On human computation:
"This is a new kind of computer science I've been trying to develop for the last eight or nine years, along with other computer scientists. Basically, we're trying to find problems that computers cannot yet solve. It turns out there are a lot of things computers cannot yet do, despite movies in Hollywood telling you otherwise. So we get problems that computers can't do, and we try to get people to solve them for us while they do other things on the Internet."
On the ESP Game:
"The basic idea of the ESP Game, later called the Google Image Labeler, is that computers can't recognize the contents of images. You know, if you take an arbitrary image, the computer can't tell you if it's, say, a dog or a cat. Being able to label the contents of images on the Internet is very important. For example, it allows for image search. So, if you go to Google and type in the word "dog", you get back a lot of images related to the word "dog". Since there is no computer program that can tell you whether that image from the web contains a dog, the way Google images used to work is by searching through filenames. The problem is, it didn't work very well, since the computer couldn't recognize what's inside the images."
"So, what we did was turn the process into something that people wanted to do. We created a game that people really, really wanted to play. And as people played, they actually told Google what were the contents of images on the web. And by using these tags Google improves the image search engine. We turned the process into a really fun game which was able to get literally millions of people to play it. And as they were playing, they were actually labeling or tagging all the images on the web."
"People really love it. Many have played it over 20 hours a week. Some people have played it 40 hours a week."
"We started by thinking: How can we translate the whole web into every major language? Right now, a very large fraction of the web is in English. And if you don't know English, you can't access it. Also there are many other languages where, if you don't know that language, you can't access the content."
"First, we tried to see if we could use computer translations. But if you really, really want to translate everything in a way that is correct and readable, it turns out that computers can't yet do that very well. Then we started thinking: How can we get people to translate the whole web into every major language?
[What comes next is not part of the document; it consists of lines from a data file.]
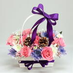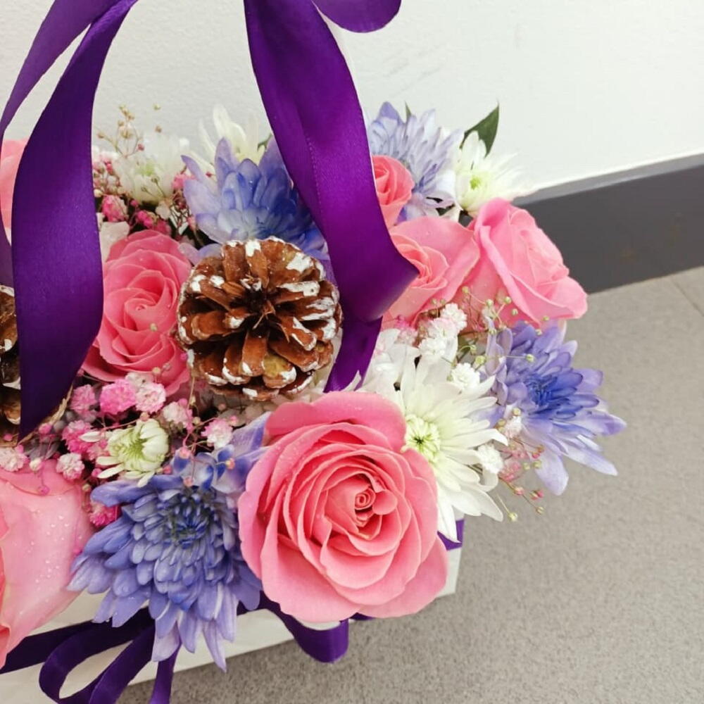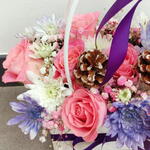 Un arreglo de cesta de ensueño y delicado con suaves rosas rosadas y singulares crisantemos azul bígaro. Adornado con piñas nevadas y delicadas flores de relleno rosas, está rematado con un llamativo lazo de satén morado real sobre un asa blanca, creando una mágica estética color ciruela dulce ideal para toda la temporada.
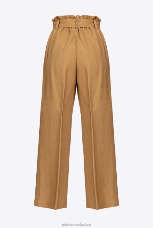 Casual Trousers | Linen trousers with bow belt Pinko MUSTARD T8J28706
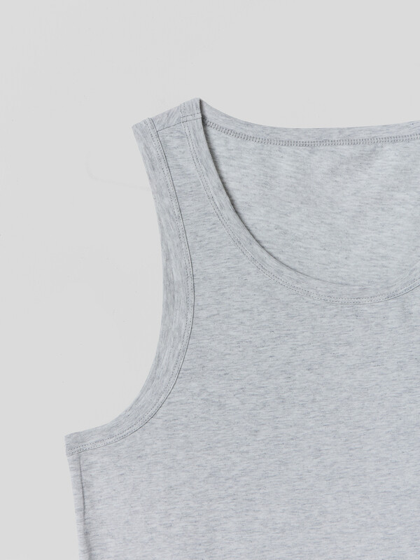 Майка облегающего силуэта, длиной до линии бедер. Горловина округлой формы. Горловина и проймы окантованы бейкой из основного полотна. Нижний срез застрочен швом в подгибку, на двухигольной плоскошовной машине.
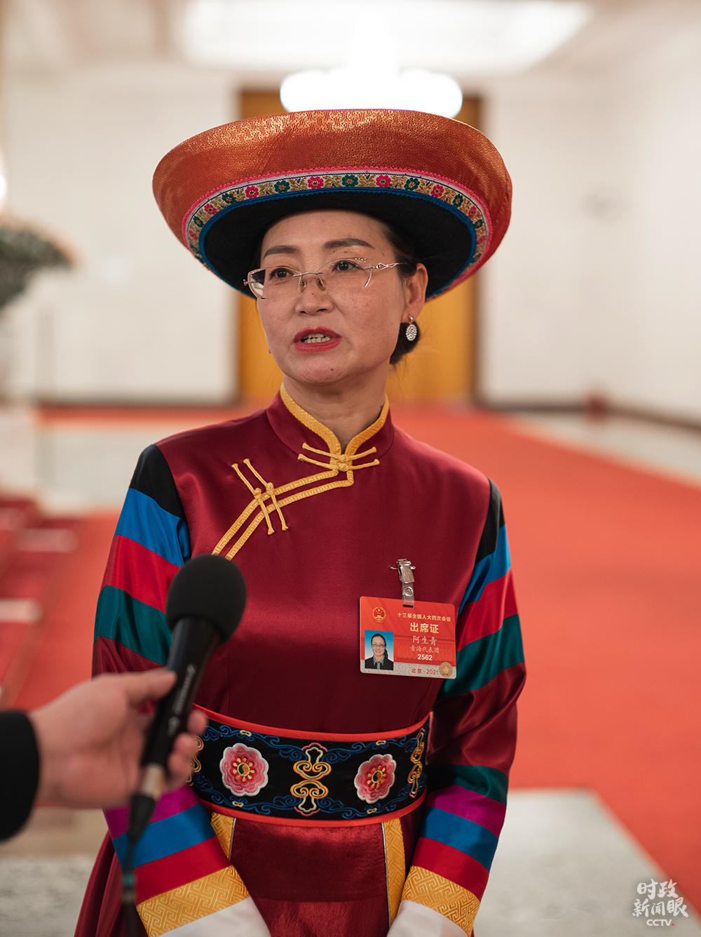 △沙沨代表在當(dāng)天的發(fā)言中,建議將基層治理以法治化手段實(shí)現(xiàn),一站式服務(wù)讓百姓少跑路。(總臺(tái)央視記者張曉鵬拍攝)
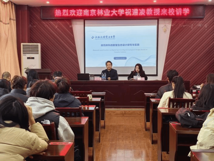 2025 年 12 月 4 日,南京林业大学艺术设计学院院长祝遵凌教授应邀做客我校“鄱湖学术讲坛”,在艺术楼 A230 会议室带来题为《依托林科的数智生态设计研究与实践》的专题讲座。本次讲坛聚焦数智技术与生态设计的交叉融合,为在场师生带来了一场兼具学术高度与实践指导意义的精彩分享。
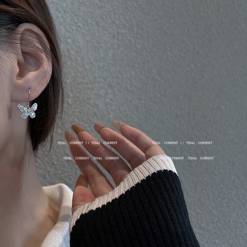 SシルバーニードルスーパーフェアリーバタフライイヤリングメスイヤリングハイエンドイヤリングEHEEHE
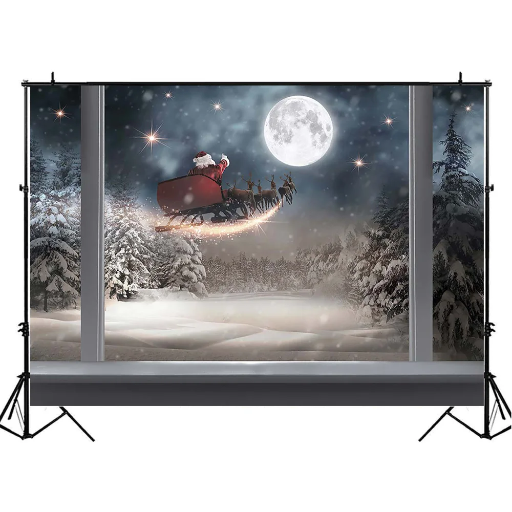 Mocsicka Зимний снег фон для фотостудии окно луна Санта Клаус Рождественская елка Новорожденный ребенок фотография фон
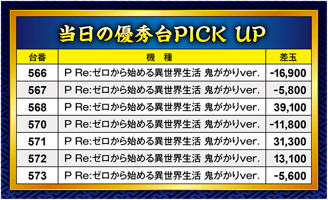 今回ぱちタウン取材班が注目したのは、『P Re:ゼロから始める異世界生活 鬼がかりver.』コーナー。勝率こそ42.9%となっているが、30,000玉オーバー記録が2台生まれたおかげで総差玉+43,400玉・平均+6,200玉をマークするに至った。
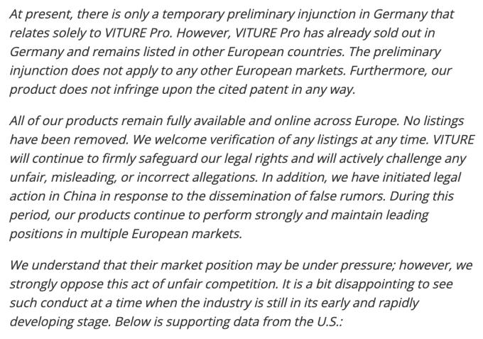 国内有媒体称当时就裁定结果以及经销商的说法向VITURE官方求证,得到的回复是:“You can always purchase our product on viture.com or on Amazon. Our product should not be banned from Germany.(您始终可以在viture.com或亚马逊上购买我们的产品。我们的产品不应该在德国被禁止。)”
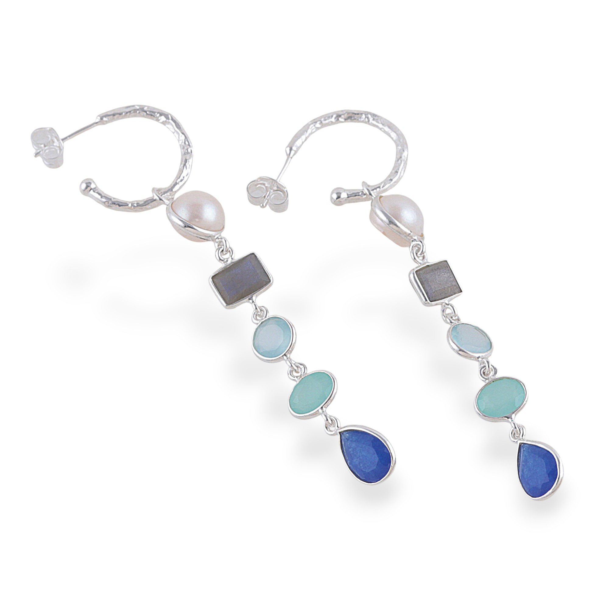 Multi-Gemstone Silver Statement Half-Hoop Dangle Earrings, 'Ocean Harmony'
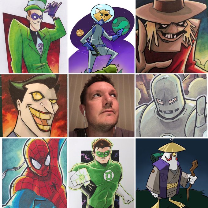 Doing the #artvsartist thing... I’m in here somewhere... maybe under the scarecrow costume 🤔 . #artvsartist2019 #batmantas #dcau #marvelcomics #sketchcards #DigitalArtist #digitalart #fanart #btas #cartoonist #tradingcards
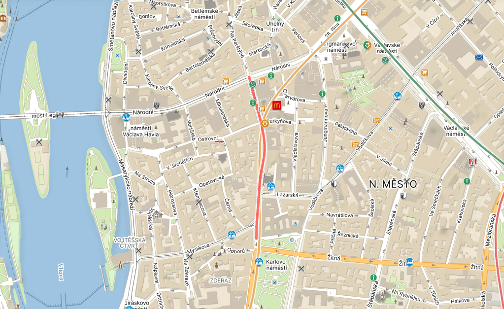 Before the founding of the New Town in 1348, this was part of a road leading from Vyšehrad to Prague Castle, and which was therefore known as Vyšehradská cesta.
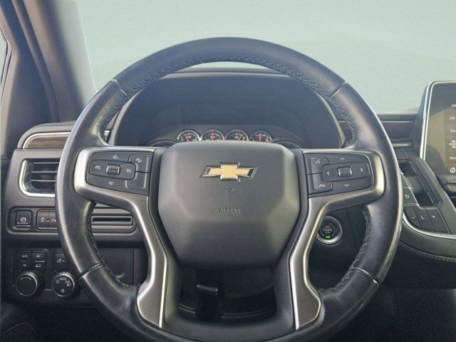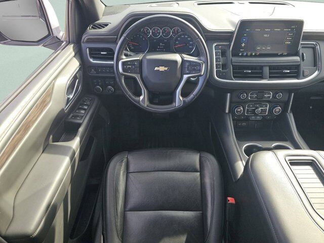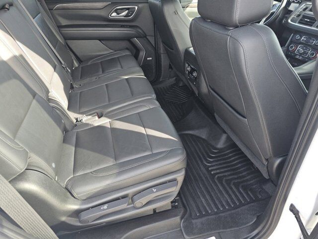 LICENSE PLATE FRONT MOUNTING PACKAGE,WHEELS 18 X 8.5 (45.7 CM X 21.6 CM) BRIGHT SILVER PAINTED ALUMINUM (STD),JET BLACK LEATHER SEATING SURFACES 1ST AND 2ND ROW,SUMMIT WHITE,AUDIO SYSTEM CHEVROLET INFOTAINMENT 3 PLUS SYSTEM 10.2 DIAGONAL HD COLOR TOUCHSCREEN AM/FM stereo Bluetooth audio streaming for 2 active devices Apple CarPlay and Android Auto capable enhanced voice recognition in-vehicle apps cloud connected personalization for select infotainment and vehicle settings. Subscription required for enhanced and connected services after trial period. (STD),REAR AXLE 3.23 RATIO,TIRES 265/65R18SL ALL-SEASON BLACKWALL (STD),LT PREFERRED EQUIPMENT GROUP includes standard equipment,TRANSMISSION 10-SPEED AUTOMATIC electronically controlled with overdrive includes Traction Select System including tow/haul (Most vehicles built on or after 6-7-2021 with a V8 engine will have (NSS) Not Equipped with Automatic Stop/Start which removes Automatic Stop/Start Engine control stop/start disable button and its content.) (STD),GVWR 7500 LBS. (3402 KG) (STD),SEATS FRONT BUCKET (STD),ENGINE 5.3L ECOTEC3 V8 with Dynamic Fuel Management Direct Injection and Variable Valve Timing includes aluminum block construction (355 hp [265 kW] @ 5600 rpm 383 lb-ft of torque [518 Nm] @ 4100 rpm) (STD),Locking/Limited Slip Differential,Four Wheel Drive,Tow Hitch,Power Steering,ABS,4-Wheel Disc Brakes,Aluminum Wheels,Tires - Front All-Season,Tires - Rear All-Season,Conventional Spare Tire,Conventional Spare Tire,Luggage Rack,Running Boards/Side Steps,Automatic Highbeams,Heated Mirrors,Power Mirror(s),Privacy Glass,Intermittent Wipers,Variable Speed Intermittent Wipers,Rain Sensing Wipers,Intermittent Wipers,Remote Trunk Release,Power Liftgate,AM/FM Stereo,MP3 Capability,Bluetooth Connection,Auxiliary Audio Input,Smart Device Integration,Premium Sound System,MP3 Capability,Bluetooth Connection,Auxiliary Audio Input,Satellite Radio,Requires Subscription,HD Radio,Bluetooth Connection,Bluetooth Connection,Smart Device Integration,WiFi Hotspot,Bucket Seats,Immobilizer,Keyless Start,Leather Seats,Power Driver Seat,Power Passenger Seat,Driver Adjustable Lumbar,Passenger Adjustable Lumbar,Heated Front Seat(s),Pass-Through Rear Seat,Rear Bench Seat,3rd Row Seat,Floor Mats,Adjustable Steering Wheel,Leather Steering Wheel,Cruise Control,Steering Wheel Audio Controls,Front Collision Warning,Power Door Locks,Keyless Entry,Power Door Locks,Remote Engine Start,Cruise Control,Universal Garage Door Opener,Security System,MP3 Capability,Auxiliary Audio Input,MP3 Capability,Auxiliary Audio Input,Power Windows,Power Windows,Power Windows,Seat Memory,Climate Control,Multi-Zone A/C,A/C,Rear A/C,A/C,Rear A/C,Rear Defrost,Auto-Dimming Rearview Mirror,Driver Vanity Mirror,Passenger Vanity Mirror,Driver Illuminated Vanity Mirror,Passenger Illuminated Visor Mirror,Front Collision Mitigation,Front Collision Warning,Traction Control,Stability Control,Brake Assist,Daytime Running Lights,Driver Restriction Features,Driver Air Bag,Passenger Air Bag,Front Side Air Bag,Front Head Air Bag,Rear Head Air Bag,Passenger Air Bag Sensor,Telematics,Requires Subscription,Rear Parking Aid,Back-Up Camera,Front Collision Mitigation,Front Collision Warning,Child Safety Locks,Tire Pressure Monitor
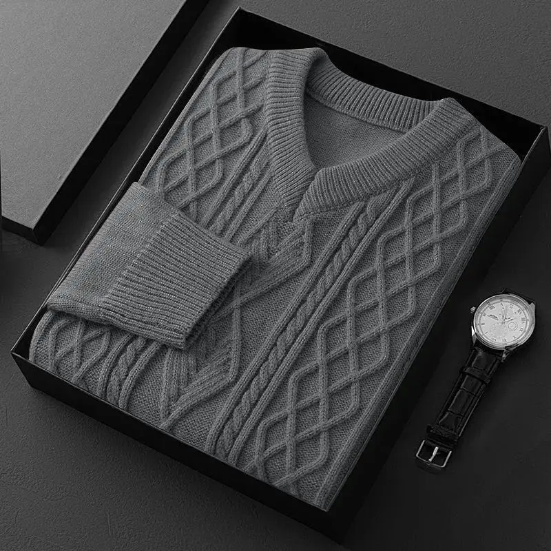 This premium cardigan features classic cable knit pattern with thickened construction for luxurious autumn and winter warmth. The elegant V-neck showcases inner layers beautifully while versatile button-front allows easy temperature adjustment. Perfect for sophisticated styling with timeless appeal and flexible layering capabilities throughout seasons.
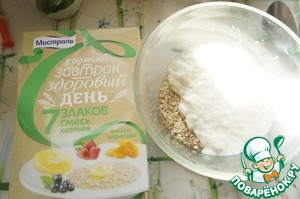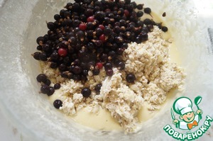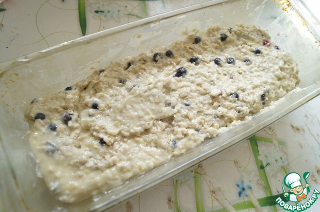 • Затем в массу добавить набухшие хлопья и смородину, хорошо перемешать.
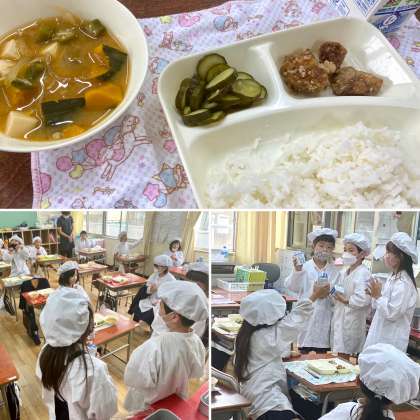 今日は、竜田揚げ 公開日 2022/07/05 更新日 2022/07/05 お知らせ 今日の給食は、豚肉の竜田揚げ、みそ汁、きゅうりの甘酢づけでした。揚げ物好きにはたまらない献立でした。 いいね(0)
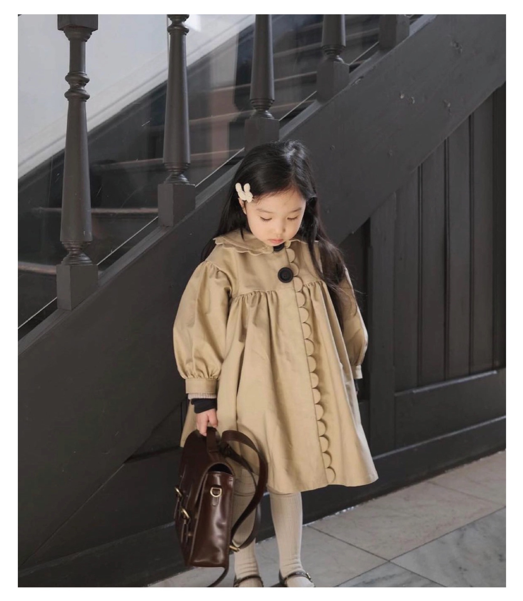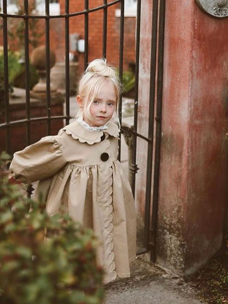 24 소녀 가을과 겨울 새로운 트렌치 코트 세련된 복고풍 코트 세련된 인형 칼라 수제 레이스 코트
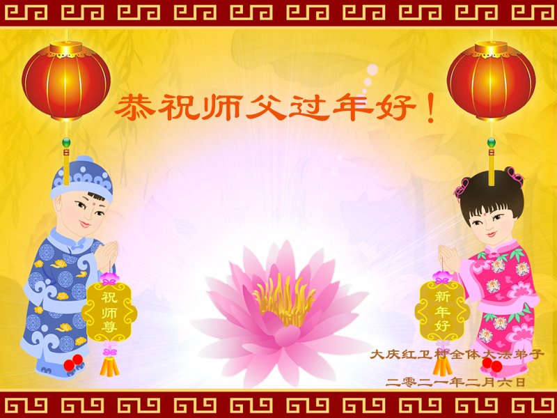 在过去的一年里,在师父的保护下,弟子平稳的走在正法路上。在新的一年里,弟子定会勇猛精進,做好师父交代的三件事,兑现史前誓约。 大庆红卫村全体大法弟子恭贺 二零二一年二月六日 黑龙江省大庆大法弟子恭祝师尊过年好!师尊您辛苦了!
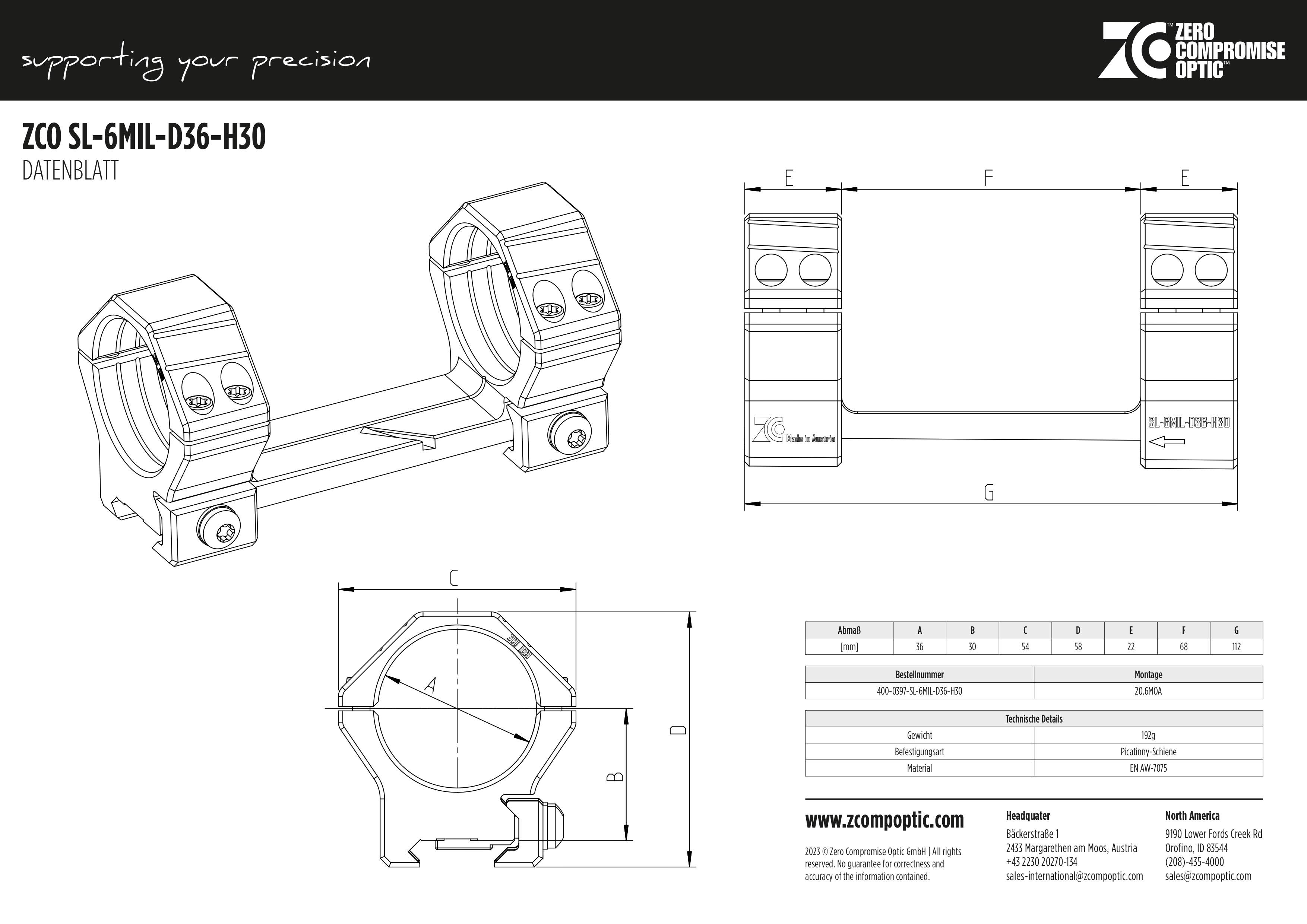 Herzlichen Glückwunsch zum Kauf der ZCO Slimline Montage 6Mil D36H30. Diese Montage wurde entwickelt, um eine stabile und präzise Befestigung für Ihre ZCO Zielfernrohre zu bieten. Bitte lesen Sie diese Sicherheitshinweise sorgfältig durch, um eine sichere und effektive Nutzung zu gewährleisten.

But not just 10 people…what we wanted was literally millions of people to help us translate the web into every major language."
"We started thinking how to motivate people to do this. One possibility was to hire professional language translators. The problem is that would be extremely expensive. Just translating Wikipedia, a tiny fraction of the web, would cost over $50 million in just one language. We started thinking, how can we motivate people to do this for free. And we realized there were two pretty major obstacles. One is the lack of bilinguals. The other, how to motivate people to do something for free that normally they would be paid to do."
"We figured there was a way to solve both of these problems and to transform language translation into something that millions of people would want to do. And that was through language education. Today, there are over 1 billion people in the world learning a foreign language. With our project, we developed a language learning website. But as you learn, at the same time, you help to translate the web. At the very beginning, you get very simple sentences to translate. As you get better at it, we give you more complex sentences. You're basically getting better at the language, at the same time that you are translating stuff."